70'li yıllardan itibaren kale, eksik kısımlarının ve birçok yapının yeniden inşası ile önemli çalışmalara konu olmuştur. 26 Aralık 2003'te, Bam şehri, evlerin %75'inden fazlasını yok eden ve 26 binden fazla kişinin ölümüne neden olan çok güçlü bir depremle sarsıldı. Kale ciddi hasar gördü, restore edilen veya yeniden inşa edilen yapıların neredeyse tamamı yıkıldı ve surlar büyük hasar gördü. Yaşanan hasarın ciddiyeti, daha önce görünmeyen katmanlara erişime sahip olan ve Part hakimiyetine (M.Ö. Helenistik döneme ait yapılar.

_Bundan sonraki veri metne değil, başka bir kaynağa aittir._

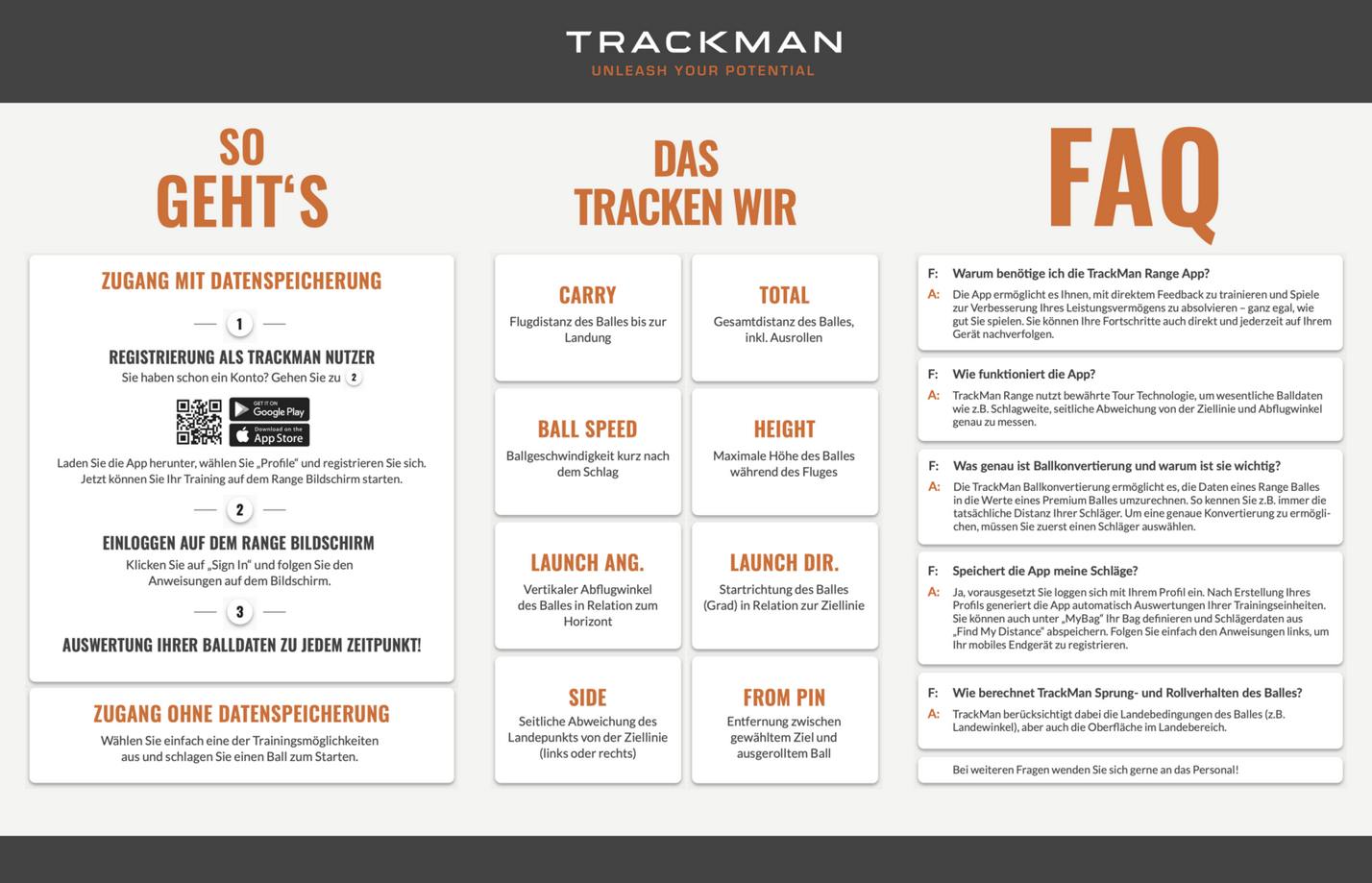Dazu müsst ihr Euch einfach die Trackman Range App herunterladen und ein Benutzerkonto erstellen. Danach könnt ihr jederzeit auf Eure persönlichen Leistungsdaten und Spieloptionen zugreifen.

Şimdi çok ileri bir aşamada kalenin restorasyonunun da başlatıldığı yeniden yapılanma çalışmasına birçok ülke katıldı. İtalya, Unesco aracılığıyla mali katkılar teklif etti ve Merkez Restorasyon Enstitüsü'nün uzmanlığını harekete geçirdi. Bam kalesinin cazibesi ve tarihi manzarası yüzyıllar boyunca sanatçılara ve yazarlara ilham kaynağı olmuştur. Pier Paolo Pasolini, "Binbir Gece Masalları" filminden bazı sahneler için Bam'ı arka plan olarak seçmiş ve kale, Dino Buzzati'nin romanından uyarlanan "Tatarların Çölü" filminin senaryosuna esin kaynağı olmuştur. hala ziyaret edilebilir orijinaline yakın benzer bir set.